In the between "things get right" and "at least they should" lies the problem.
In almost all the open pages there are scripts that are waiting to be executed periodically (refresh, check on conditions...), and other that are waiting answers from servers. When you wake up your computer all the expected timeouts have expired. From here the spike in the CPU/memory usage and internet use.

Furthermore, such scripts (and part of the pages code) are not always written taking into account the possibility of being suspended. Then they can wait indefinitely to get a response from a server that processes an accepted request: your script knows that the server has received the request and is processing the response, the server expires the request in the meantime, the scripts after the wake-up wait indefinitely or flood requests to the server...

Other possible effects on your computer are bottlenecks due to the mass of requests to run processes simultaneously, requests on the Internet, multiple accesses to the database.

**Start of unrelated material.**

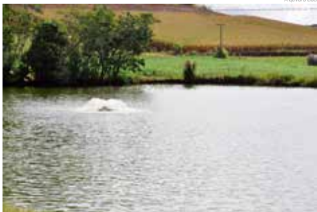
Consumidores poderão comprar peixe na propriedade ou em pontos da cidade

“A falta de chuva baixou as águas dos açudes e diminuiu a produção de peixe para a Semana Santa. Enquanto que nas edições anteriores tínhamos uma agenda apertada para encaixar produtores,

All this without considering unexpected errors in the scripts that could misinterpret a memory address changed in the meantime, a response to a subsequent instance of the same process etc. etc.Use your imagination to think of other ways that things can go wrong, it will never be enough. (One of Murphy's Laws).

Conclusion

Given the non-reproducibility of the problem, the possibility to find scripts coded not considering the consequences of being suspended, the constant chasing between scripts on pages and updates in add-ons to stop them, I am afraid there will always be irresponsible scripts when the computer wakes up. Minimizing the number of pages opened leads however to a lower exposure to this risk.

Furthermore, the choice to update each page opened after a suspension period is absolutely subjective and case depending: I might prefer to have the page with the result of a search carried out before closing the computer, another user to have the updated version after computer waking up...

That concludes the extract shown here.